British railways carriage

Tourist Second Open or Tourist Standard Open, abbreviated to TSO, is a type of British Railways coach. The designation "Tourist" was originally as opposed to a normal SO (Second Open) coach. Both types have the same number of seating bays per coach, but the TSO has four seats across, arranged 2+2 either side of a central aisle, while an SO has 3 seats across, arranged 2+1 with an offset aisle. Both offer the same legroom, but there is slightly less width per passenger in a TSO.

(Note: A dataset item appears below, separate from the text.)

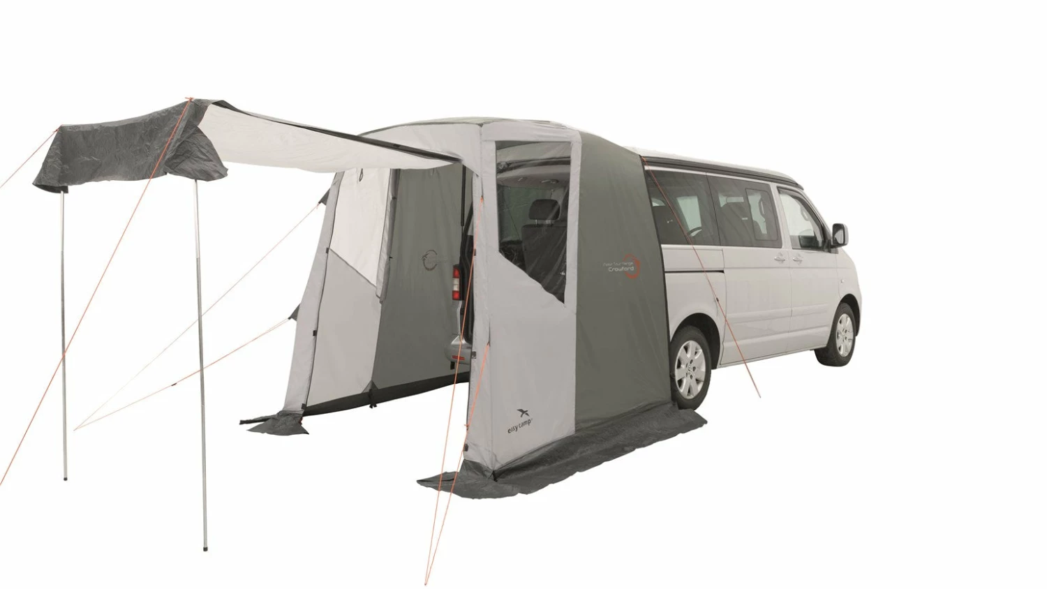 A versatile tailgate design that adds flexible space to campervans, the Easy Camp Crowford design is ideal for VW California T5/6 models. Securely pitched on the tailgate with twin guylines and a toggle-up door with ample walk-in height easily accessed or raised as a canopy for extra shelter from the sun or rain.
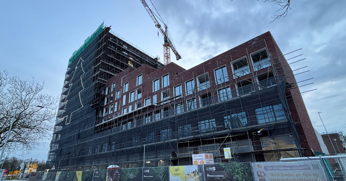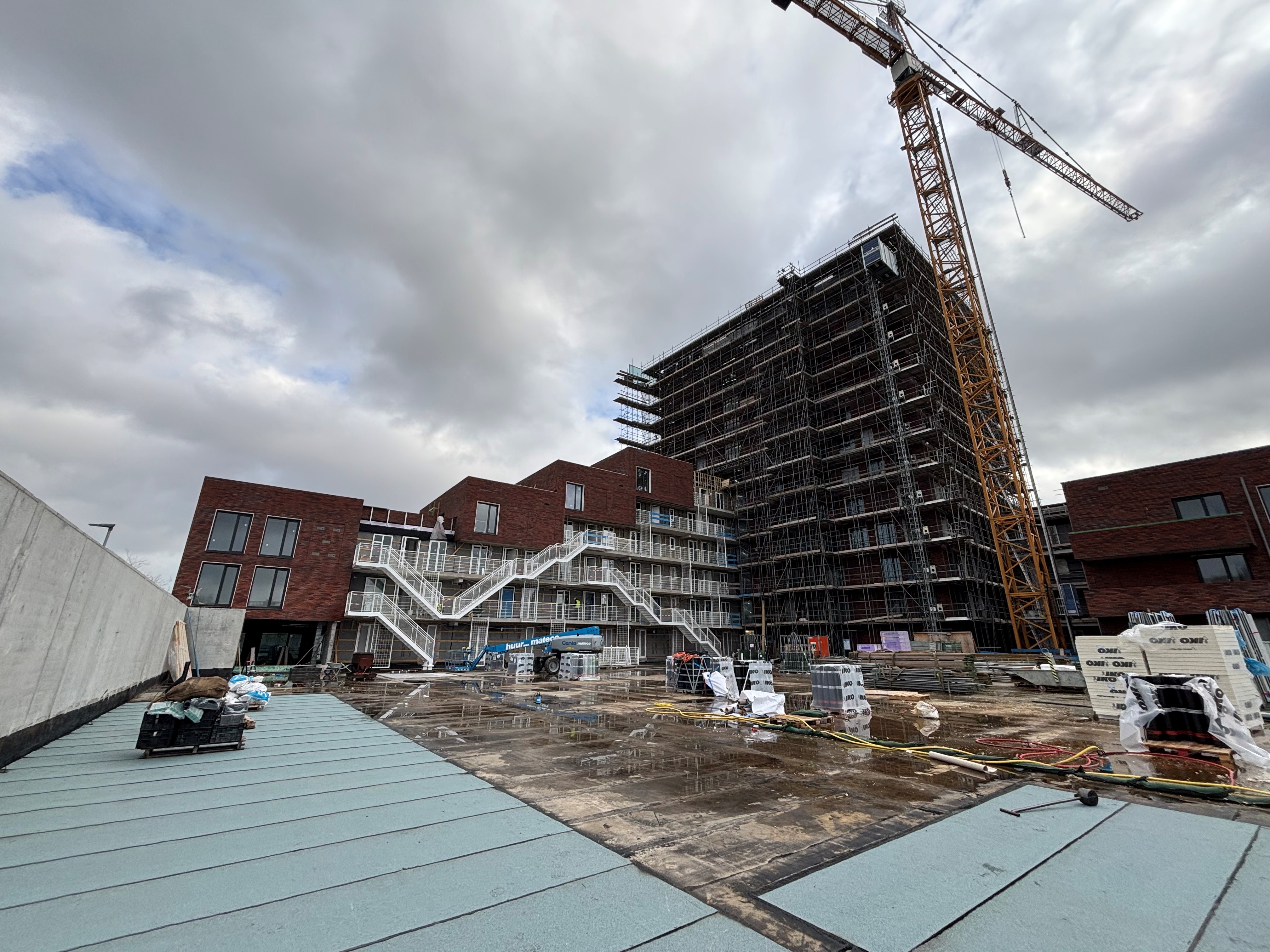Hoog boven Leiden en omgeving schittert een grote lichtgevende kerstboom op de toren van het gebouw, een baken van licht dat de voortgang van het project markeert. Terwijl de kerstvakantie nadert, wordt er op de bovenste verdieping nog volop gemetseld. De eerste torenkraan is inmiddels gedemonteerd en stukje bij beetje wordt het gebouw uitgepakt. Langs de Jacob van Campenlaan en het eerste deel van de Rooseveltstraat verdwijnen de steigers, waardoor de rode gevel met zijn witte kaders steeds beter zichtbaar wordt.

Even though the designations would appear to suggest that the SO was the standard type and the TSO a variant, in reality the TSO has been the default design of open coach on British Railways since the dawn of the Mark 1 era, built in large numbers, with comparatively few SO vehicles constructed, mainly for use as Third/Second/Standard class restaurant cars.

In 1987, British Rail changed the title to Tourist Standard Open, when "Second Class" became "Standard Class" across the network. The TSO designation remains in use for Mark 3A and Mark 4 Open Standard carriages., even though no SO coaches have been constructed since the Mark 2a build in the mid-1960s.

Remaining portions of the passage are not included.